[Try it]:
What lines of the data include the string "storage"? Copy them all.

--

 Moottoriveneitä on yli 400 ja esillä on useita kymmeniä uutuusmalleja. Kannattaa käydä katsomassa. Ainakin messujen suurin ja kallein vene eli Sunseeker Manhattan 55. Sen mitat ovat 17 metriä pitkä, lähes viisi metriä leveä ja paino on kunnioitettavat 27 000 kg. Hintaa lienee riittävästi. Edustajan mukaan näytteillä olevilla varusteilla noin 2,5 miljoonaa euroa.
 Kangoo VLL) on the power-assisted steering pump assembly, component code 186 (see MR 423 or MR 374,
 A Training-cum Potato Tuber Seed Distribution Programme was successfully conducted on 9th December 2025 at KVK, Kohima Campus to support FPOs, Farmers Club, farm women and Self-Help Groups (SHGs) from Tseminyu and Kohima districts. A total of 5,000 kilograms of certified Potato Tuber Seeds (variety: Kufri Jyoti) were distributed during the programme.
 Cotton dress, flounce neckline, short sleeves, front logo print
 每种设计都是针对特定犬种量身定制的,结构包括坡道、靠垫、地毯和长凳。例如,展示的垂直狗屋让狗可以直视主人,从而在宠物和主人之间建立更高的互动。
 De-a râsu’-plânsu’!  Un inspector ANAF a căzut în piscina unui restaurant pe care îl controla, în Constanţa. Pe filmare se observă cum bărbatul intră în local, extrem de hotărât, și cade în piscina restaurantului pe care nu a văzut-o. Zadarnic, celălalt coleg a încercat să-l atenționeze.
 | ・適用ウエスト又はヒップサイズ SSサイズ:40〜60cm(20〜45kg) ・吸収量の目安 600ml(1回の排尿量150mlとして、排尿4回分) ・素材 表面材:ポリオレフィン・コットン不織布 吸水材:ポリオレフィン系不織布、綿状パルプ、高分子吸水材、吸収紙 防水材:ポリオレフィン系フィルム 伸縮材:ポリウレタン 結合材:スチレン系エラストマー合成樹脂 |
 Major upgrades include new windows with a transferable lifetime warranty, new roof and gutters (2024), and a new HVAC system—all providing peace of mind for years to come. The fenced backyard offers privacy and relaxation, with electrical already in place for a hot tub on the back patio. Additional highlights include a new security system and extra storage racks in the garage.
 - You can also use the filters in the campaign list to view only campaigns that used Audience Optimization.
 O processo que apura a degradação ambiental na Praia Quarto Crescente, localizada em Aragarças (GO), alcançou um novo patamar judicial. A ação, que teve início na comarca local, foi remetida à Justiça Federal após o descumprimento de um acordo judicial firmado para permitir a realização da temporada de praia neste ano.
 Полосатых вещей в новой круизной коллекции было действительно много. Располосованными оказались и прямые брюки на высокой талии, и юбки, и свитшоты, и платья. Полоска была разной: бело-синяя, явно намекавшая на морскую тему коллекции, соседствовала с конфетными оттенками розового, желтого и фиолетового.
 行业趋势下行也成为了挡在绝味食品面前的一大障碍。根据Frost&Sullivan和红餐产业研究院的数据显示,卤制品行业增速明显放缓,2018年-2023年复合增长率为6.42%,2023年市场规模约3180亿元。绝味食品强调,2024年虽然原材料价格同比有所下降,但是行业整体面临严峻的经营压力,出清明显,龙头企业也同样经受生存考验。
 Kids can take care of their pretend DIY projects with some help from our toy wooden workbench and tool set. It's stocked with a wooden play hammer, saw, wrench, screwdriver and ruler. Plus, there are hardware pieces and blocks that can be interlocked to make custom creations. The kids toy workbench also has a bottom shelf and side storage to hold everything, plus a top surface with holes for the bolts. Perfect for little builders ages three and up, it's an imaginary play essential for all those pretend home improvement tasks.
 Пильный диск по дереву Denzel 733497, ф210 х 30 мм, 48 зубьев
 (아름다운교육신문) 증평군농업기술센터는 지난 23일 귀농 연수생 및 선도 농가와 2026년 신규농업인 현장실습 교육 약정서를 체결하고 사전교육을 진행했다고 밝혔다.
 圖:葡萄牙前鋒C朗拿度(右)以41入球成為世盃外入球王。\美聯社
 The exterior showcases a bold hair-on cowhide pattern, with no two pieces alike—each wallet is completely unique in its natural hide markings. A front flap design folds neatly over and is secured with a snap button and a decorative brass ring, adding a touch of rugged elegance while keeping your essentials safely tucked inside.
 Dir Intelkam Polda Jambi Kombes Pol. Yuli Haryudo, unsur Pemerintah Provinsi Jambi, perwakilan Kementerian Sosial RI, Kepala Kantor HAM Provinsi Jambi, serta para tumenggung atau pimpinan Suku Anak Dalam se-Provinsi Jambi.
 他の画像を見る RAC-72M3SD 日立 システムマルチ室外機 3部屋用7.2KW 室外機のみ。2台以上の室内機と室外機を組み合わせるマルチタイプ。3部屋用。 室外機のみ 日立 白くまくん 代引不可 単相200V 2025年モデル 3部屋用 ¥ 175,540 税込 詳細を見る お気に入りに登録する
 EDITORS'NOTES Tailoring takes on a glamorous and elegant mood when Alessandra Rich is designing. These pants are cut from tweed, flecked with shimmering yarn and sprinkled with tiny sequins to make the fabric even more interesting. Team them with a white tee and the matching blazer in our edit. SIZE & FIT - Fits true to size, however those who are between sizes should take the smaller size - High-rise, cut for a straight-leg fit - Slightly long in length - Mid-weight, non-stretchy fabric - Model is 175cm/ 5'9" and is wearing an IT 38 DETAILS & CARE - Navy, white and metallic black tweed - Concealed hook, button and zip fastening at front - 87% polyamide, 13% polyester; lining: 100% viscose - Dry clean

--

[Output]:
 Major upgrades include new windows with a transferable lifetime warranty, new roof and gutters (2024), and a new HVAC system—all providing peace of mind for years to come. The fenced backyard offers privacy and relaxation, with electrical already in place for a hot tub on the back patio. Additional highlights include a new security system and extra storage racks in the garage.
 Kids can take care of their pretend DIY projects with some help from our toy wooden workbench and tool set. It's stocked with a wooden play hammer, saw, wrench, screwdriver and ruler. Plus, there are hardware pieces and blocks that can be interlocked to make custom creations. The kids toy workbench also has a bottom shelf and side storage to hold everything, plus a top surface with holes for the bolts. Perfect for little builders ages three and up, it's an imaginary play essential for all those pretend home improvement tasks.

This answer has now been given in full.